In the parliamentary elections held at the same time, the president's party, the ruling RCD (Rassemblement constitutionnel démocratique, Constitutional Democratic Assembly), received 91.6% of the vote, thereby taking home all the 148 seats in the election. The remaining 34 seats were reserved by law for legal opposition parties. In April, Ben Ali re-furnished the government with the aim of gaining confidence in the business community. Relations with the country's entrepreneurs had been damaged by tax increases intended to offset the drop in customs revenue that had arisen in Tunisia's trade agreement with the EU.

In November, several hundred political prisoners were released. According to the human rights organization Amnesty International, some 600 Islamists and a number of communists were among the released. However, the organization pointed out that there were still about 1,000 political prisoners in Tunisian prisons.

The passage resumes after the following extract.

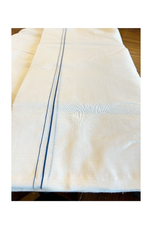 25% Discount KaithariKada Handloom Millpaav Balaramapuram - 100% Pure Cotton Off White (Unbleached) Double Mundu/Dhoti - 1cm Navy Blue Kara-177
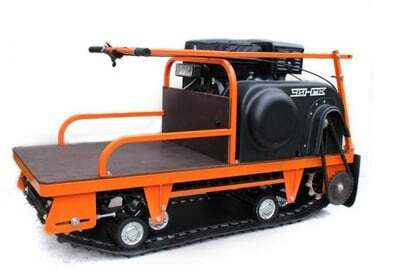 Буксировщик оснащен 4-х тактным двигателем Lifan мощностью 20 л. с. и объемом 460 кубов, достигающий скорость до 25 км/ч. Это позволяет быстро перевозить груз до 50 кг на специальной багажной площадке мотобуксировщика. Также есть возможность установить сани к мотобуксу, что позволит перевозить дополнительно до 120 кг.

President Ben Ali visited Morocco for the first time in March.

Tunisia's older history

Tunisia's oldest history coincides with developments in central northern Africa, where tools have been made that show that there has been a form of human-like presence there for up to 2.4 million years. It is in particular the finds of stone implements and animal bones at Ain Boucherit in the northeastern part of present-day Algeria, ie not far from modern Tunisia, that support this - although no remains of human-like species have been found.

Other discoveries in the region indicate the presence of the hominids (primates, including the homo erectus) about 200,000 years back in time. Such remains have been found, among others, in Saïda in today's Algeria. These include a culture called ateries, after the Bir al-Atir site, in eastern Algeria, on the border with Tunisia. This is known for its tools, from up to 130,000 years back in time.

Especially in today's Tunisia, but also elsewhere in North Africa, several discoveries have been made after a hunter culture called the capsia. Stone tools from here are dated to between 10,000 and 6,000 years BCE. Neolithic culture, with agriculture and animal husbandry, grew up on the coast and in the Sahara 4000–6000 years ago, before the area became desert.

In Mesolithic (older Stone Age), several peoples, some of supposed origins in Asia, migrated into North Africa. These formed the basis of what is considered Tunisia's original population: berbers (imazighen), which were divided into several tribes. Tunisia's oldest history, as well as parts of the modern, are therefore closely related to the Berbers, but the oldest time is poorly documented.

Today's Tunisia was in ancient times in an area of ​​northern Africa that the Greeks called Libya, and a Roman province they called Africa, after a former Phoenician designation. The later Arab conquerors continued this use (Ifrïqiyyah), originally of an area that included modern Tunisia and eastern parts of Algeria.